The Java language, tools, and library were much easier to use than most existing C++ tools, and many programmers felt they could be more productive writing in Java. In addition, Java was already "cool." Java applets ran on the Web, so you could create Web pages with animation, embedded programs, and so on.

Enter IBM. IBM was early to recognize the importance of Java--way back in 1995. At the time, "client/server" development was all the rage. Traditionally, big hardware companies like IBM have made their money on servers: S/390s, AS/400s, and so on. But that's only half the picture.
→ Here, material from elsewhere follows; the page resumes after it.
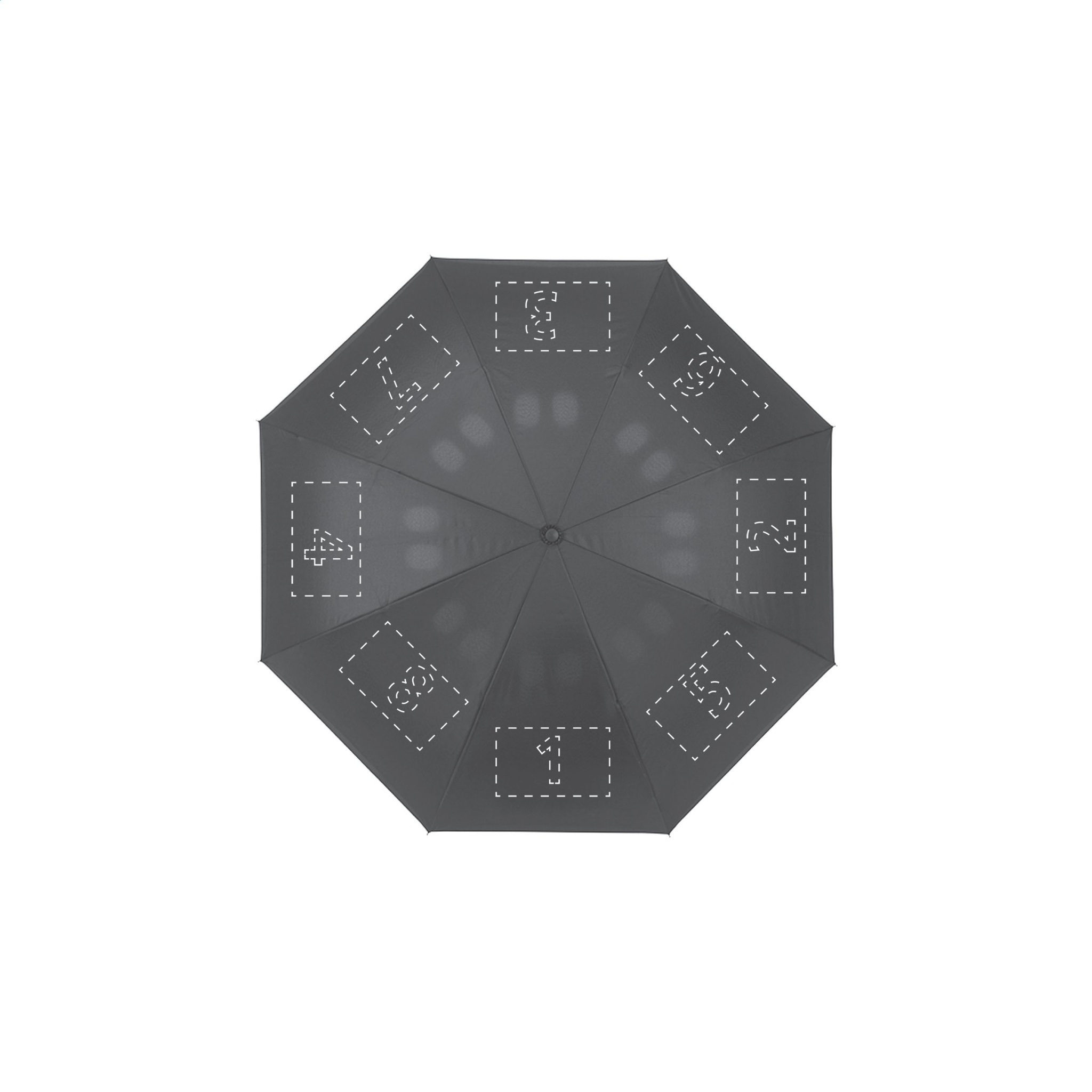 Large, innovative reverse umbrella with double 190T pongee slings. Special material that accelerates drying. Can dry standing up. Closes automatically, opens manually. Ideal when getting in and out of the car. Metal frame with windproof system and ergonomically shaped handle with carrying strap.

All the mainframe databases in the world aren't much use if you don't have a client that allows people to do something meaningful with the data.

That's where Java comes in: Java is easy to learn, efficient to develop, and portable--the perfect platform for writing clients that can run on multiple platforms and access data from multiple sources. And if there are more and better clients, there will be more servers, more software tools for creating them, and more opportunities for service and consulting businesses.

Ready for prime time?
But at the same time, a lot of people felt Java wasn't "real" yet. Sure, you could use it to create cool little toys to embed in your Web pages, but that seemed to be about all anyone was doing with it. Most people weren't writing Java programs that did anything particularly useful yet, and for several reasons:

First, there was the time factor. Java hadn't been out for all that long, and many developers still viewed it as an experiment--something to learn and to play with, but not to do real work in yet. And second, Java was fairly slow. This was in the days before JITs, so Java bytecode was always interpreted (rather than compiled to machine language). Finally, the support needed by business developers was still embryonic: database access, security, internationalization, and so on.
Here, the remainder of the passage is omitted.